Но статичность невозможна в цирке. Нужно движение, развитие. Творческий путь Алибека Кантемирова не меньше, чем его прекрасные физические данные, определил его характер: работоспособность на уровне самосожжения, и стремление постичь все, что связано с верховой ездой и дрессировкой лошадей».
К сожалению, мы не увидим записи его ранних выступлений. Остались лишь воспоминания современников, которые видели, как пролезал Алибек между задних ног лошади, идущей на полном галопе – и выполнял другие опаснейшие головокружительные номера.
Но и отдельные кадры, снятые гораздо позже, могут дать представление об этом человеке.
…Рабочий момент. На манеже репетирует Ирбек Кантемиров, его отец сидит в зрительном зале. Но невозможно назвать Алибека стариком. Так горят его глаза, так следит он за каждым движением лошадей, кивает, улыбается счастливо…
Своему делу он отдал без остатка себя – и всю свою долгую жизнь.
Его сыновья и многочисленные ученики пройдут школу джигитовки, разработанную Алибеком Кантемировым. Основы этой школы закладывались с тех первых дней, когда молодой джигит пришел в цирк.
За его плечами стояли поколения конных воинов Осетии, он учился у лучших наездников своего края, перенимал приемы у казаков, читал книги.
Породы лошадей, наиболее подходящие для цирка, необходимость наезднику иметь прекрасную физическую подготовку, не пренебрегая танцами и гимнастикой, многочисленные усовершенствования в конской сбруе – Кантемиров думает обо всем, ничто не ускользает от его внимания. Довести все, с чем он работает – до возможного совершенства – и не иначе.
Созданная им система подготовки наездников столь продуманна и безупречна, что именно благодаря ей – растет число джигитов.
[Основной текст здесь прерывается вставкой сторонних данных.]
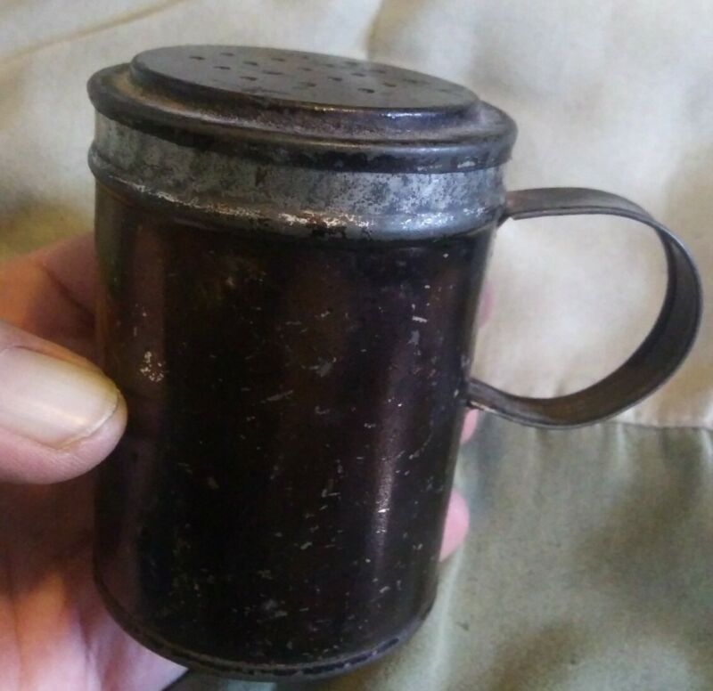 Title (ebay affiliate link): Primitive Antique Japaneed Tin Muffineer Sugar Shaker Strap Handle Kitchenware

В начале двадцатого века Алибек много гастролирует по циркам Российской империи и за ее пределами.
Он продолжает выступать и после революции, в годы гражданской войны. Удивительно, но в это непримиримое время, Кантемиров пользуется уважением и белых, и красных. В 1919 году, в Ростове, Семен Буденный предлагает ему оставить цирк и готовить наездников для Первой Конной.
– Я артист, – возражает Алибек.
«Мы артисты – люди самой мирной профессии», – эта фраза прозвучит несколько десятилетий спустя в фильме «Не бойся я с тобой». В фильме, который прославит его сына.
Вместо службы у буденовцев Алибек уезжает на гастроли в Германию. Казаки-эмигранты недовольны появлением джигита, который собирается после выступлений вернуться в эту «красную» страну.
Но Алибек не мыслит оставить Осетию, друзей и родных, живущих там. В душе он никогда не примет советскую власть, но все политические потрясения переживет вместе с Родиной.
Мастерство артиста и его честная позиция делают свое дело: на представления Кантемирова приходят «сливки» Белой армии, даже барон Врангель.
В годы первой мировой войны Алибека все же интернируют, и он проводит некоторое время у богатого мельника – без права выехать из указанных для жительства мест.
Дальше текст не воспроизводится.